The Points of the Creative Artists’ Code: Twenty-one - Never throw your work away
June 6, 2008
It’s tempting to toss ideas that don’t seem to have any merit away. But they did have merit at one point in time. Our failures are the best place to learn and they have additional value, this short article is about recognizing that value.
Never, never, never throw away a good idea because it didn’t work out. Instead refine it, look into it, find out why it didn’t work. Now do it again. Sometimes you don’t have enough data on the subject to make it work. Get more. Sometimes you need to recreate it, again and again. In the end the persistence will pay off. Sometimes you need to write the rubbish before you can write the good stuff.
If you talk to any Creative Artist I have worked with you will find that I abjure them most soundly when they talk about losing material, or tossing stuff away, or if they relay to me some moroff’s* idea of tossing out their early work, or their bad work, or anything like that. Why?
Because when you make it, that work is going to be important and have the potential to do so much more. It will, in short, eventually achieve its value, and that value may not necessarily be what you think it would be, or should be, but that is not what is important.
What is important is that the work finds its value with those who have to know you through your successes and that the early works and the bad works provide insight into how you developed and what you developed.

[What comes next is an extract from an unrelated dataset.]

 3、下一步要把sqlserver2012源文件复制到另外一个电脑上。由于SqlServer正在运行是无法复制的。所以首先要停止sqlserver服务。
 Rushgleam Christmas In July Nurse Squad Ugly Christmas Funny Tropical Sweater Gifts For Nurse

The lessons to be learned from this material are immense, not perhaps to you, who has already learned those lessons, but to others. You see, as I have often said, for a Creative Artist it is not about them, it is about the work and it is about others (”It’s not about me, it’s about you”).
In every failed work are lessons to be learned. There really are. But you have to learn to look at your own work objectively and become what I refer to as “Your own best critic.” It’s a careful choice of words worthy of some consideration.

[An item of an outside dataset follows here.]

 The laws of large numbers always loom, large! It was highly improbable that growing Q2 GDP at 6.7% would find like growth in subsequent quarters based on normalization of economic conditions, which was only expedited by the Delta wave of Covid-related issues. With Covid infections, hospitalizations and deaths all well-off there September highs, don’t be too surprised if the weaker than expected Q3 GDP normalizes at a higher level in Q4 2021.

Also, in every failed work is an idea worth expressing, that has simply not been well-expressed, and which you must therefore seek to liberate in another way. If you do this, if you search in your failures then you will make discoveries that develop your craft and skill to levels that are not going to be realized if you are content simply to toss the work aside, or trash it. You have to do this to know the truth of what is being said.
Remember point zero. If it should be liberating to you to throw away the work of previous times, so that you may start anew and afresh, then you should do it. Just throw it into the neighbor’s backyard where it doesn’t get lost and hopefully will be valued.
Remember too, that all too often the value of an artist’s work is often discovered after they died. At that point, the work they created becomes valuable and finds its place, and it goes on to improve economies, national pride and other aspects of civilization that are all too often, in a materialist consumer-based society, overlooked. In a way, it’s the ultimate acknowledgment and the ultimate rip-off all in one package as the profits end up going to others who didn’t create the works, but only capitalized on them after death.
Personally, I think it’s great that works finally find their place, and I know that artists can be ahead of their time and thus be unappreciated, unknown and ill-used in the society they service and contribute to while it chooses “to remain ignorant.” I do not however, agree that it is morally correct that such artists end up dead and go unrewarded, and un-supported in life. I think we can do it better.
[*moroff, a term coined by NDK which describes those whose intellectual faculties are 'more off' than on.]